- [To do]: Take the material below and extract the lines from the one with "Jersey confeccionado en" through the one with "CHUMS チャムス ブービーフェイスポケットブラッシュドロングTシャツ", word for word, without pictures.

Start of Given records

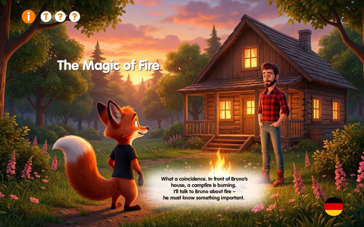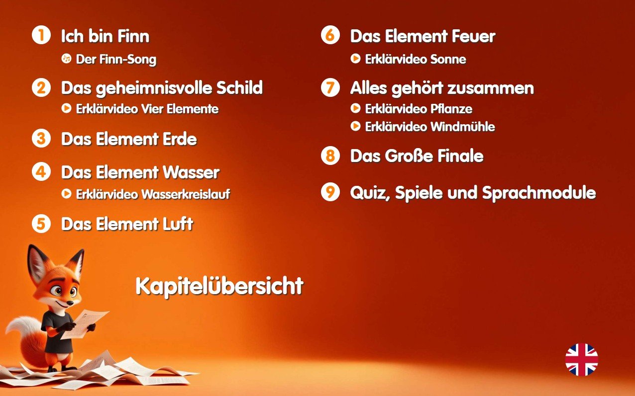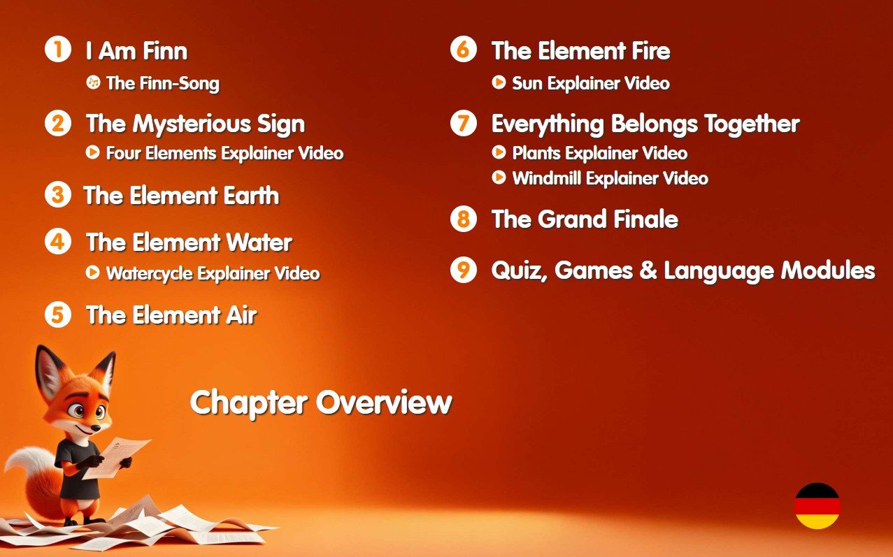 Charakterstimmen begleiten Kinder durch Finns Abenteuer und lassen die Welt der Elemente lebendig werden.Audio und Musik sorgen dafür, dass Kinder noch tiefer in die Geschichte eintauchen können.
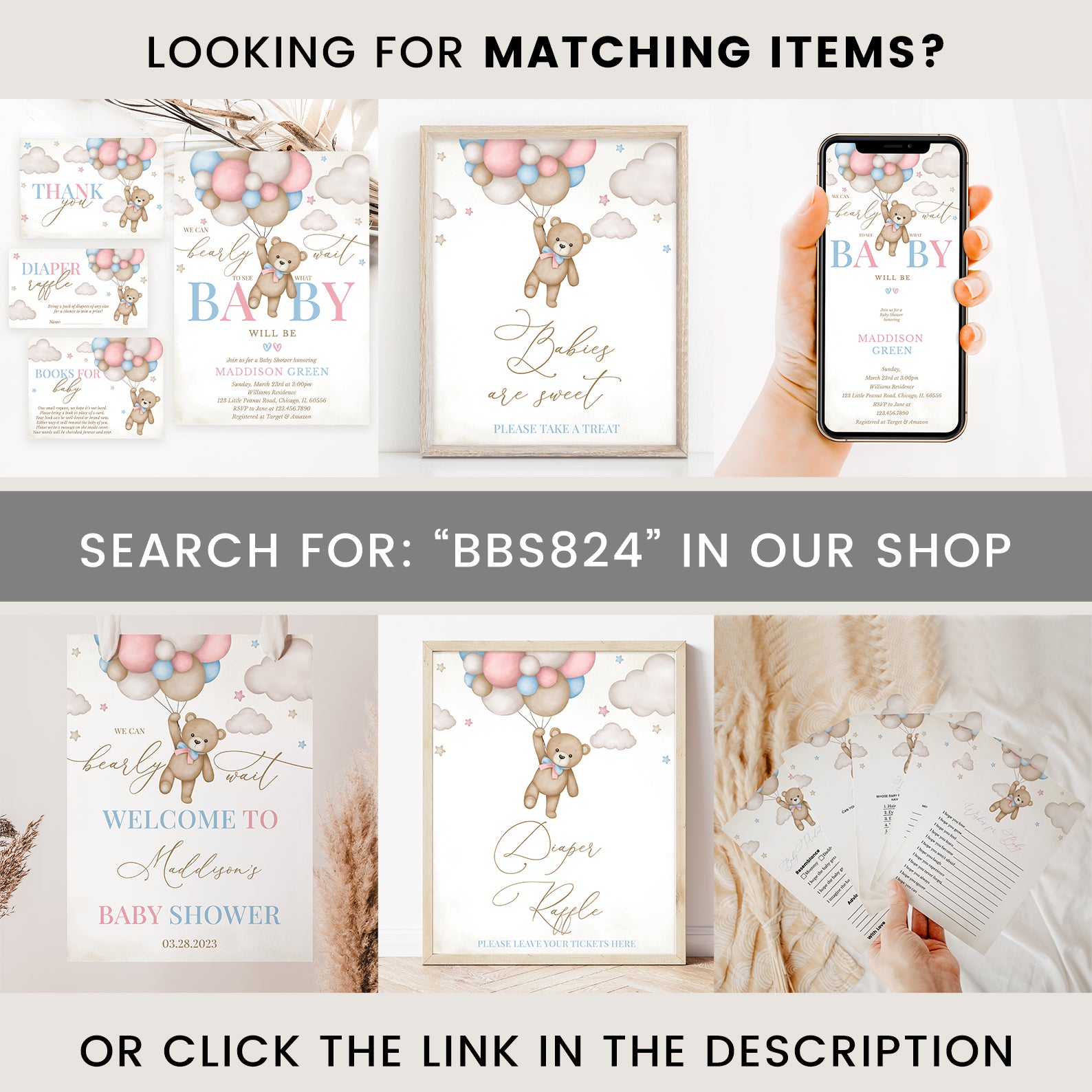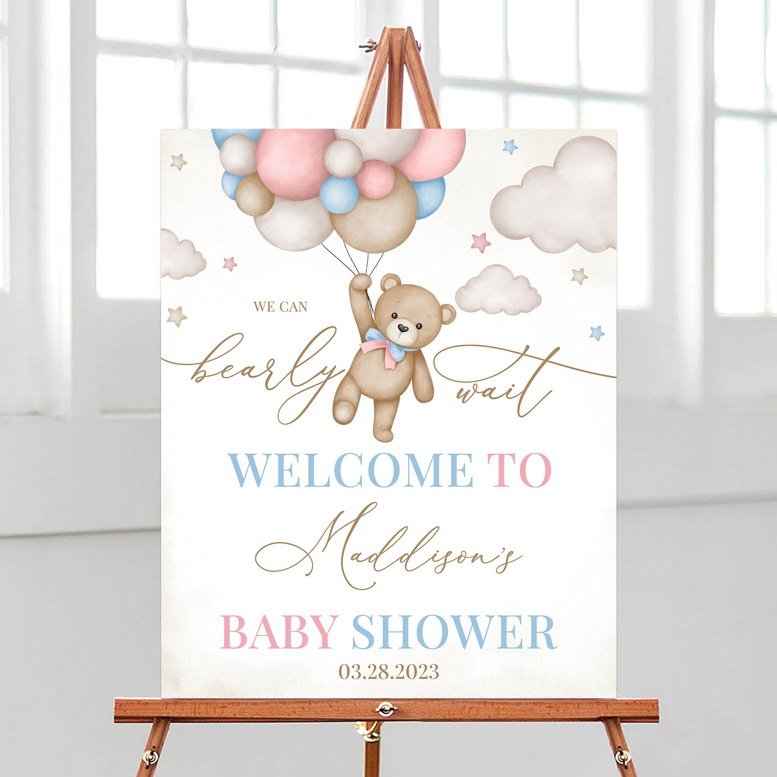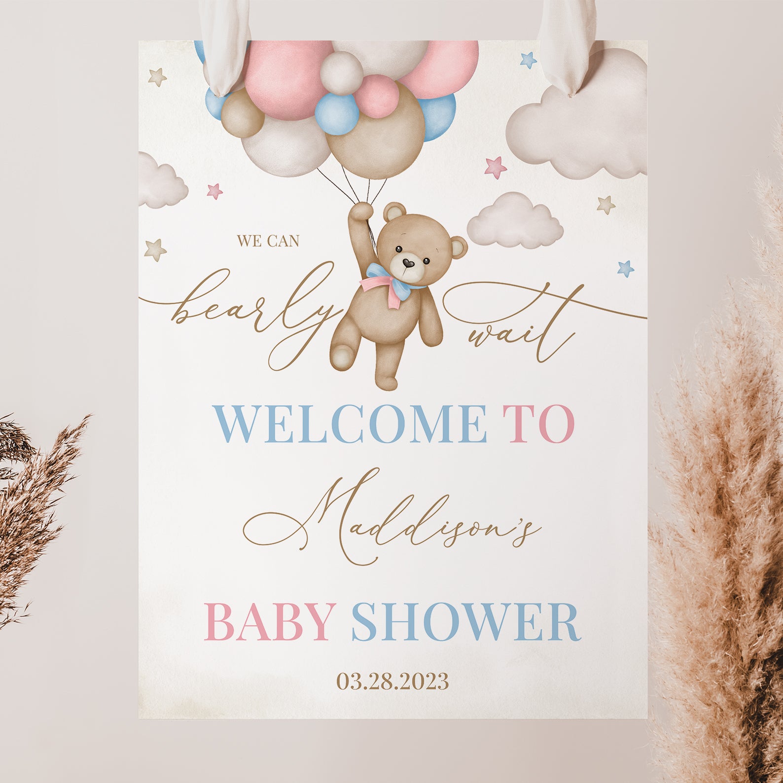 - Purchase this We Can Bearly Wait Gender Reveal Welcome Sign: Bear & Balloons template
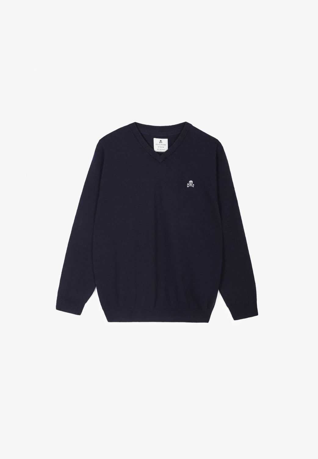 Jersey confeccionado en mezcla de algodón y cashmere. Manga larga. Cuello en pico. Calavera bordada en pecho. Acabados en rib.
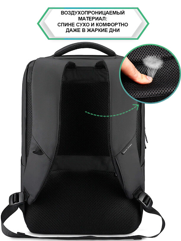 Купить Рюкзак мужской городской дорожный 16л для ноутбука 15.6″, планшета Mark Ryden водонепроницаемый, для взрослых и подростков, цвет черный с доставкой по всей России.
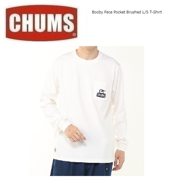 CHUMS チャムス ブービーフェイスポケットブラッシュドロングTシャツ ホワイト XXL CH01-2670 メンズ 長袖 ロンT アウトドア
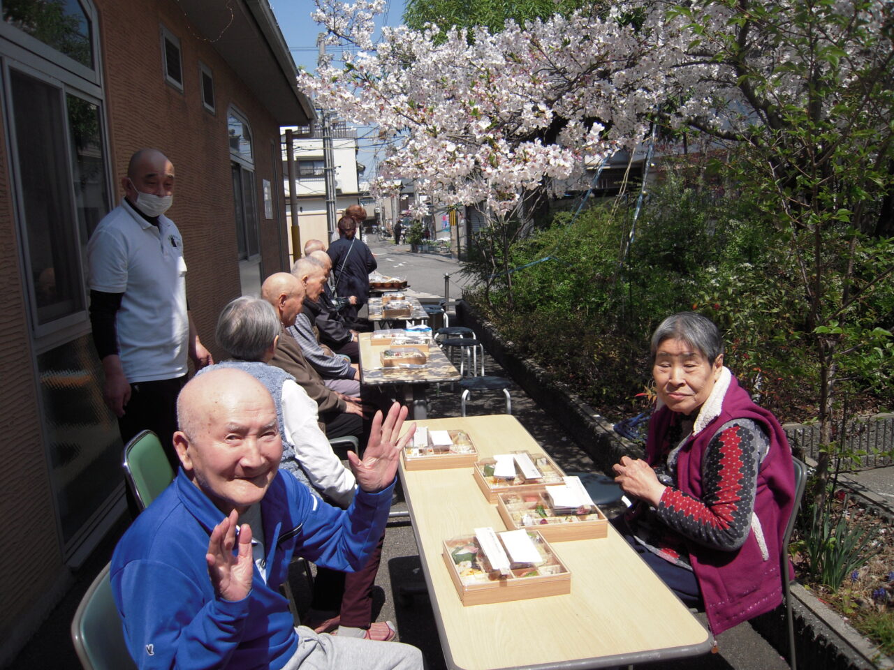 2026.04.09 お花見🌸弁当🍱(*´▽`*) めぐみ苑で「お花見🌸」をしました。 先週でしたが、お天気も良くて桜🌸も満開でした。 入居者さんも、お好きなお弁当を食べながら桜を楽しみました。 ALL>

End of Given records

- [Answer to the exercise]:
 Jersey confeccionado en mezcla de algodón y cashmere. Manga larga. Cuello en pico. Calavera bordada en pecho. Acabados en rib.
 Купить Рюкзак мужской городской дорожный 16л для ноутбука 15.6″, планшета Mark Ryden водонепроницаемый, для взрослых и подростков, цвет черный с доставкой по всей России.
 CHUMS チャムス ブービーフェイスポケットブラッシュドロングTシャツ ホワイト XXL CH01-2670 メンズ 長袖 ロンT アウトドア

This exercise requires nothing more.